Fortunately, my earlier switch to OS X had brought with it a certain serenity in the face of technology. If an opinionated application (or OS) does what you want, most of the time, it’s worth going along with it in the places you disagree. That this is largely antithetical to the Emacs view of the world is not lost on me.

So, I spent my first couple of years with Emacs using a barely-customised ESK configuration, and I was pretty happy with it. While missing some of vi’s functionality, I choose not to install any vi-compatibility features. The lynch-pin of my commitment turned out to be magit, the excellent git mode for Emacs. Having become accustomed to such seamless interaction with my VCS, I can no longer imagine working without it.

Restarting

Though I was largely happy with the end result, the amount of magic (or sufficiently advanced technology) bothered me. Nor was this entirely academic - I had been putting up with a bunch of quirks I was sure could be fixed, if only I knew how. Last week, I came across the article that helped me start down that road.

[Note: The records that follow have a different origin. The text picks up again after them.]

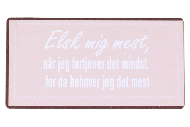 - Magnet med teksten “Elsk mig mest, når jeg fortjener det mindst…”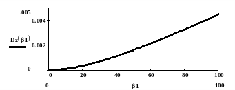 Рисунок 2.7 Зависимость дисперсии процесса на выходе первого линейного фильтра от его полосы пропускания.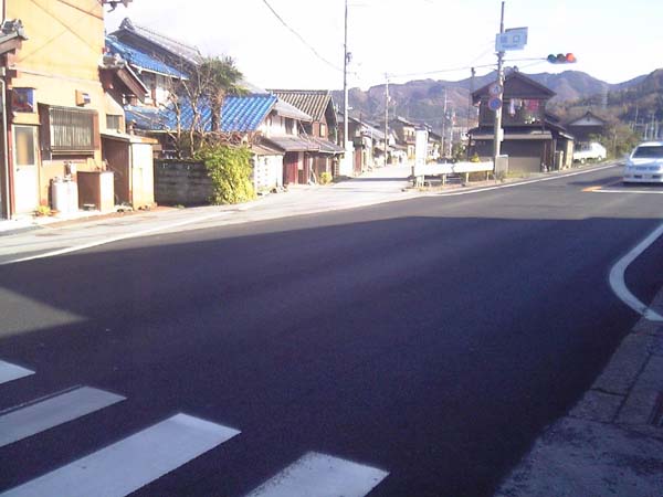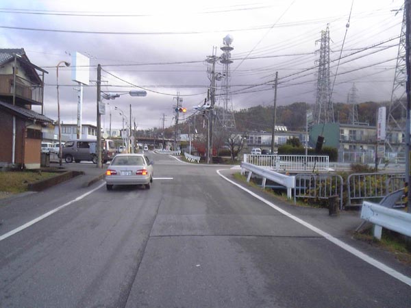 左写真のように、信号を渡って21号線と並ぶように東へ向かう。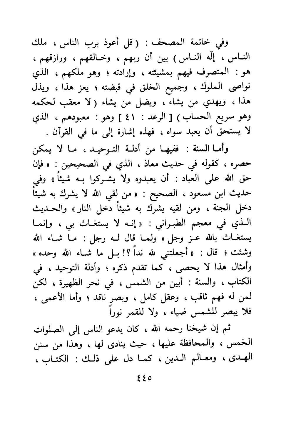 وأما السنة: ففيها من أدلة التوحيد، ما لا يمكن حصره، كقوله في حديث معاذ الذي في الصحيحين: " فإن حق الله على العباد: أن يعبدوه ولا يشركوا به شيئا " 1 وفي حديث ابن مسعود الصحيح: " من لقي الله لا يشرك به شيئا دخل الجنة، ومن لقيه يشرك به شيئا دخل النار " 2 والحديث الذي في معجم الطبراني: " إنه لا يستغاث بي، وإنما يستغاث بالله عز وجل " ولما " قال له رجل: ما شاء الله وشئت؟ قال: أجعلتني لله ندا؟! بل ما شاء الله وحده " 3 وأمثال هذا لا يحصى، كما تقدم ذكره ; وأدلة التوحيد، في الكتاب، والسنة أبين من الشمس في نحر الظهيرة، لكن لمن له فهم ثاقب، وعقل كامل، وبصر ناقد؛ وأما الأعمى فلا يبصر للشمس ضياء، ولا للقمر نورا.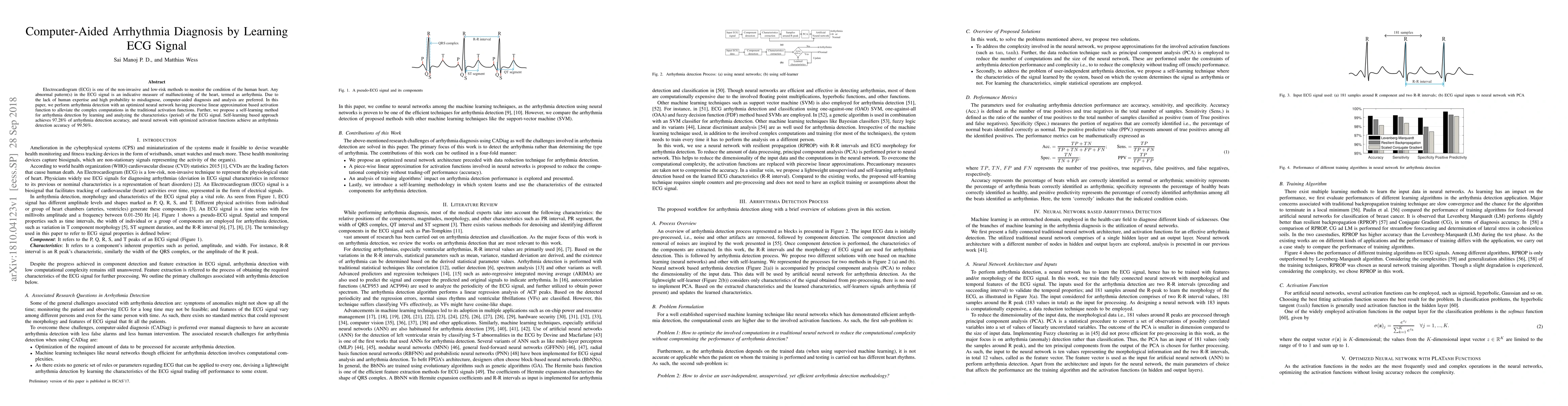 This paper presents a computer-aided system for diagnosing arrhythmia using ECG signals, employing an optimized neural network with a piecewise linear activation function for efficient computation. The self-learning method achieves 97.28% accuracy, while the optimized neural network reaches 99.56% accuracy in arrhythmia detection.

“Emacs Configuration Rewrite” documents Steven Danna’s experience rebuilding his Emacs configuration from scratch. The result is positively minimalist alongside ESK, and lacks many features and customisations the latter delivers “out of the box”. I decided that probably didn’t matter to me - after all, if I missed something enough to add it back in, that would simply drive me to learn how to do that. Above all else, Steven’s configuration showed me that I could start out with something I could comprehend completely, and expand from there. So that’s what I did.

The initial commit to my emacs configuration repo doesn’t tweak anything - it simply introduces the skeleton that everything else hangs off. I’ve added one thing at a time as I’ve needed it, and understood it. That’s not to say it’s entirely (or even mostly) original work - I’ve picked things up from various places, but they only go into my config when I understand what they do. No blind copy-and-paste, no cargo cults.

Emacs makes this exercise pretty easy. The built-in help can give you the value and meaning of any variable (C-h v), and the documentation for any function (C-h f). For anything implemented in elisp (and that’s nearly everything), you can even jump straight to the source. This was way too much to deal with when I first started using Emacs, but I regret leaving it so long to come back to it.

The Future

I don’t like unnecessary wheel reinvention. My goal is to understand how things fit together, that I might change them according to my needs - I don’t feel that meeting that goal demands personally entering every single sexp into my Emacs configuration.

The Emacs Starter Kit has evolved considerably since I made a personal fork in 2009, and I made no attempt to evolve my forked configuration with it. It contains lots of good stuff, and I’ve started to look more closely at exactly how it’s put together. As my understanding grows, I expect to be able to reuse larger pieces of elisp (from ESK and elsewhere) without feeling that my configuration is outgrowing my competence.

I may move to an ESK-based configuration again in the future, and I’m glad I used one in the past. In the present, I’m appreciating a greater understanding of a smaller set of features.